As was mentioned at the top of the article, most places allow for the import and possession of spores (some exceptions for example are California, Idaho, and Georgia). This erowid article briefly discusses California’s laws on spores. In Canada as well as the USA, the legal status of psilocybin mushroom spores is quite ambiguous. Nothing on the Canadian governments website seems to mention spores specifically, and Wikipedia states “Mushroom spore kits are legal and are sold openly in stores or on the internet as the spores and kits themselves are legal. Psilocybin and psilocin are illegal to possess, obtain or produce without a prescription or license as they are schedule III under the Controlled Drugs and Substances Act.”. The same lack of information regarding spores specifically comes up in the USA and many other countries after doing a bit of a search on google. The illegal substances are psilocybin and psilocyn, as they are the mind-altering substance. So, studying the spores (which contain no psilocybin or psilocyn) in a microscopic setting, or even before a certain stage in growth would very likely but also slightly potentially be seen as legal.

 

In an imaginary legal situation, the legal area of spores is so grey and ambiguous currently that by simply studying them the chances of any legal complications arising as a result of possession or sale is quite unlikely. As stated previously, these substances have been proven worthy of research due to their potential positive effects. So even if something were to somehow arise, there would likely be 2 possible outcomes for the most part.

(A) The defendant has been selling spores *for microscopy purposes only*, and the prosecution claims spores are used to grow illegal mushrooms containing psilocybin or psilocyn.

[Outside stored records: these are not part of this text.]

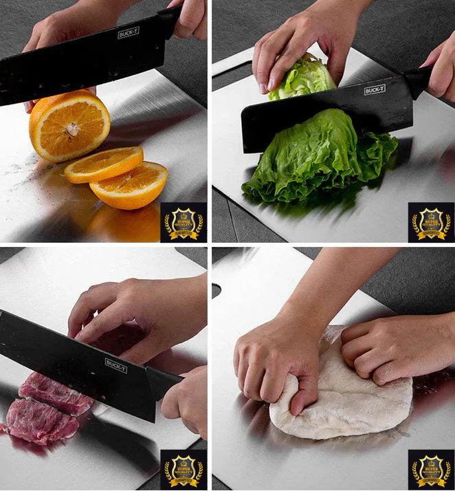 Higiene sin esfuerzo: A diferencia de las tablas de plástico y madera, el titanio no absorbe humedad ni alberga bacterias, garantizando un entorno de cocina más limpio y saludable.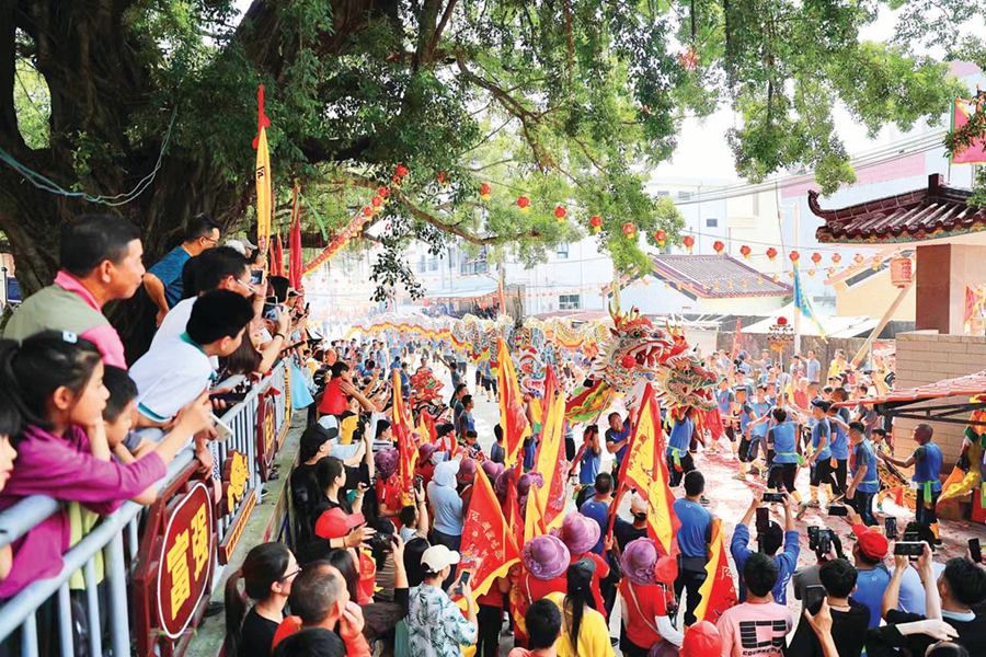 當日巡游的規模宏大,來自8個村的巡游隊伍綿延數公里,在平海圩鎮、平海古城的大街小巷中穿梭,吸引了眾多游客參與和觀看。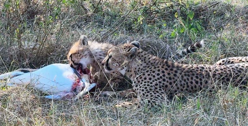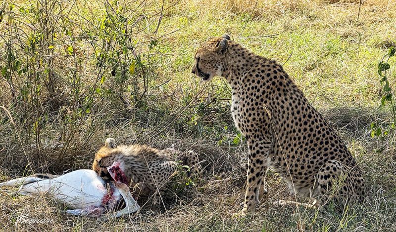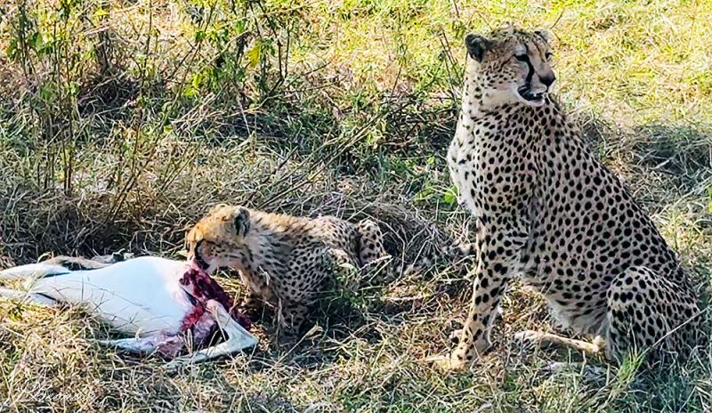 最令我们兴奋的,是看到了猎豹(Cheetah),并且是一对母子。小豹在大口啃食它们的猎物----看起来像一只前面说过的汤姆森瞪羚----画面是不是有些残忍?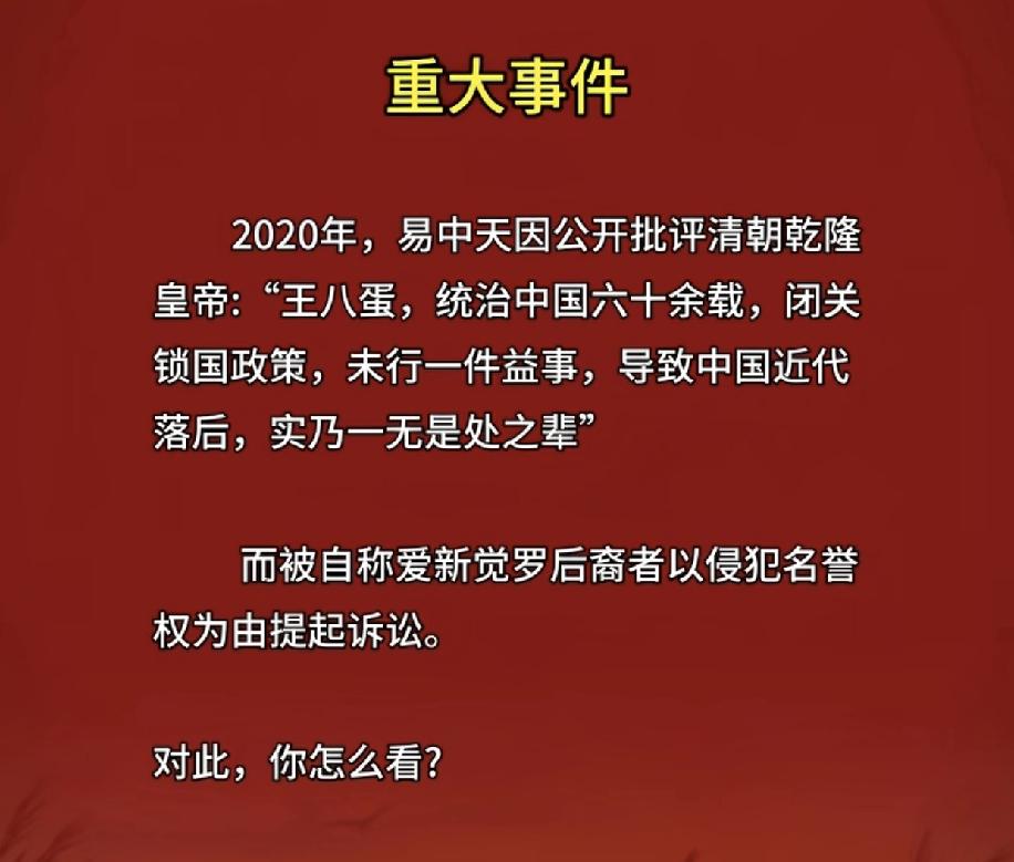 易中天2020年批乾隆,说乾隆统治60年,未行一件益事,但是乾隆皇帝十全武功,奠定了今日中华的版图啊!新疆为什么叫新疆,新的疆域,川边千年的土司,被乾隆打破,这些他就看不到了。历史是严谨的,当年初听他百家讲坛感觉说的头头是道,最后一细品,他是在结合历史书籍在臆想,历史人物能留下名字的哪有易于之辈。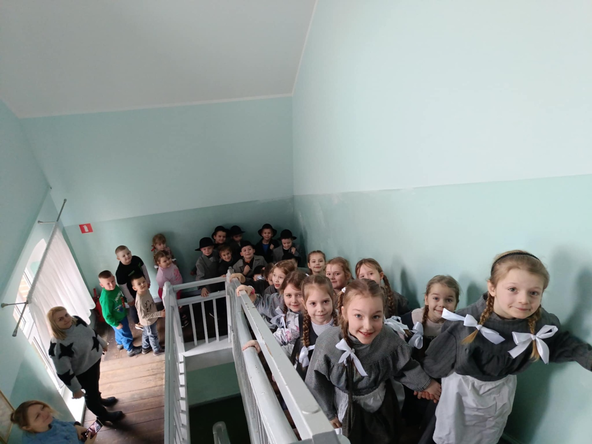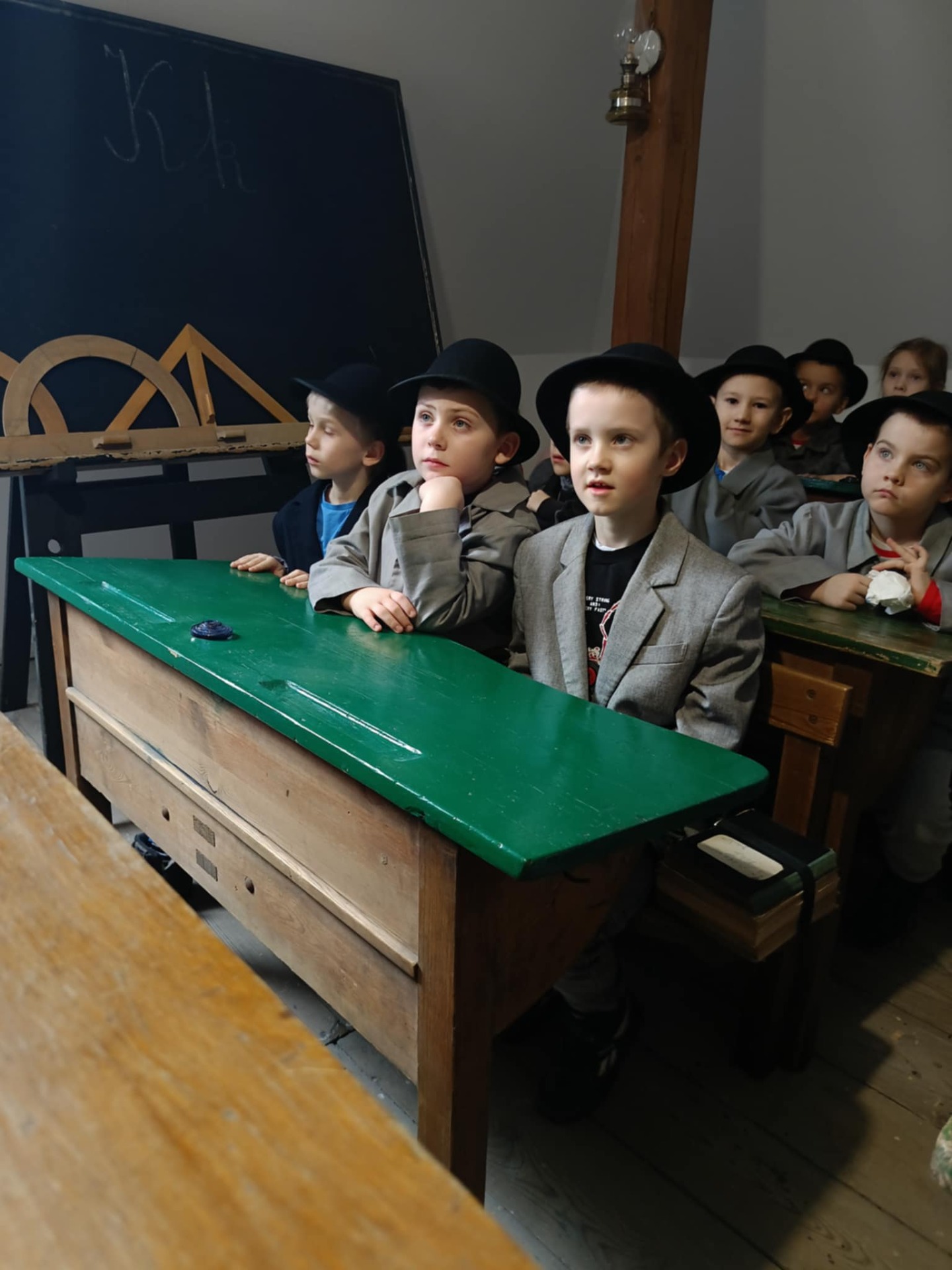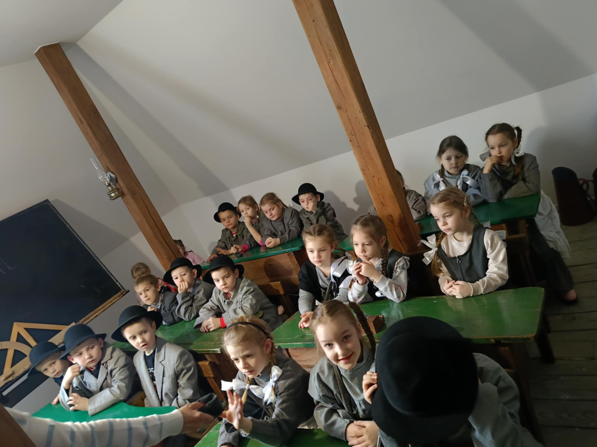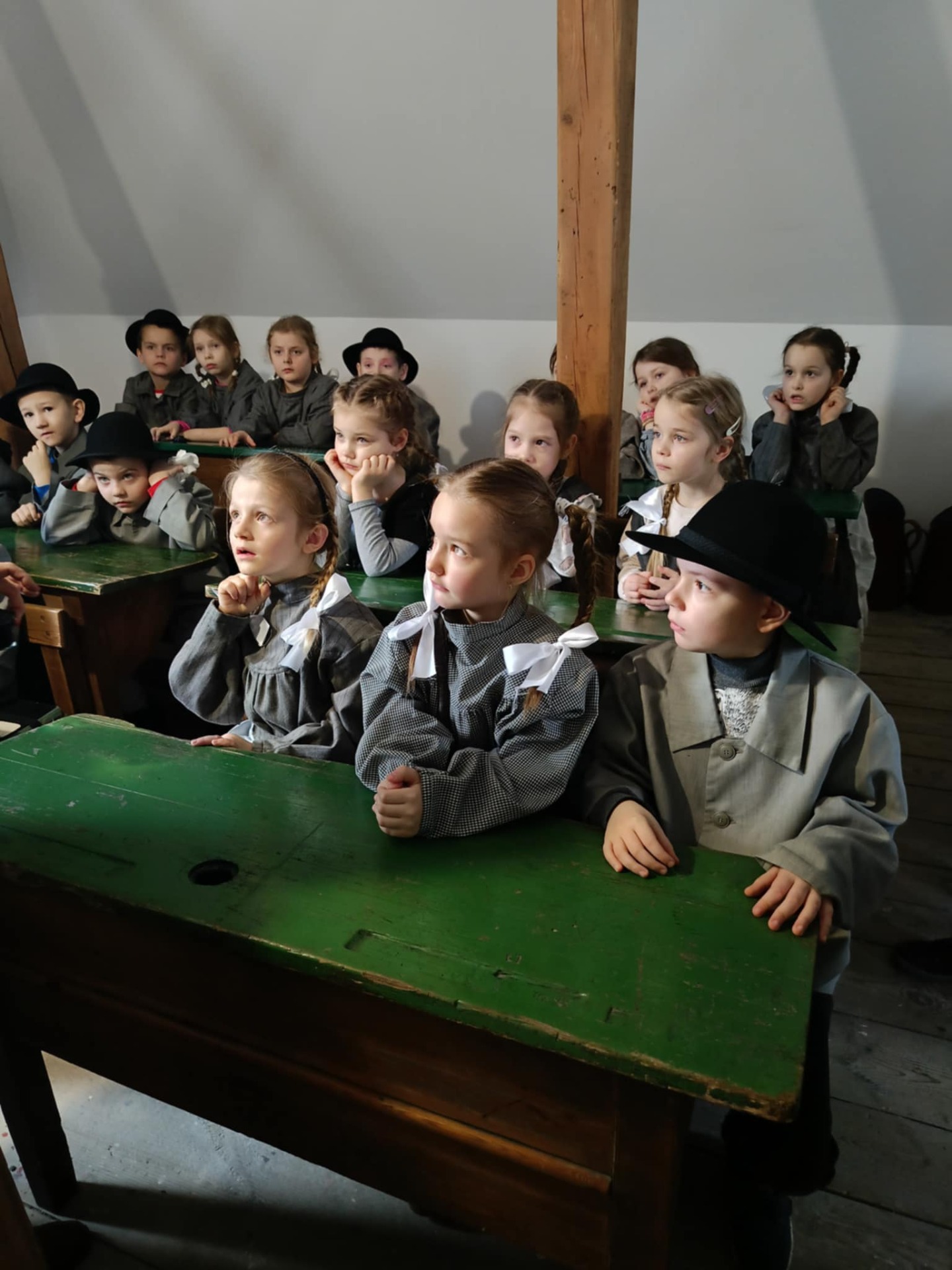 Oddział "0" w poniedziałkowy poranek odwiedził miejsce pamięci historycznej, które znajduje się w Dzielicach w gm. Rozdrażew. Podczas pobytu w sali lekcyjnej z dawnych lat dzieci przebrane w stroje, które noszono w odległych czasach wysłuchały ciekawych informacji z czasów wojennych związanych ze szkołą.

a.     In this situation, the prosecution would for the most part be wasting their time with the defendant, as spores contain no psilocybin or psilocyn and these substances can only be obtained under special and specific circumstances (Gross, 2000). In the worst-case scenario, one may have to hire a lawyer for a case that will very likely get put on hold for quite some time. Due to likelihood of magic mushrooms becoming legal or decriminalized in some way or other, a case like this is very weak for the prosecution as the legal areas are extremely ambiguous.

(B) The defendant has been selling spores negligently and potentially for illegal purposes.

a.     In this situation, the result depends on the degree of negligence. If the defendant is directly selling spores for the purpose of cultivation, they will most likely get in significant amounts of trouble. On the other end of the spectrum if the defendant sells spores for microscopy purposes but provides a grow guide with the spores the case will once again become more ambiguous. On the lighter end of the spectrum, most of those cases seem likely to be put on hold due to new research on psilocybin and psilocyn. Under all circumstances in situation (B) lawyer fees would be a considerable factor.

 

For the rest of the article, we have extracted information from a study done by Susan T. Gross that explains at which point in the mushroom life cycle psilocybin becomes present in the mushroom mycelium and fruiting bodies. This information highlights the stages at which we can potentially study these mushrooms in a legal manner.

 

There are 4 stages of the mushroom life cycle. The spores start everything off, then the mycelium begins to form, after that the primordia/pre-fruit form, and then finally come the fruiting bodies we know as mushrooms.


 

Germination of the spores can only take place in a suitable environment.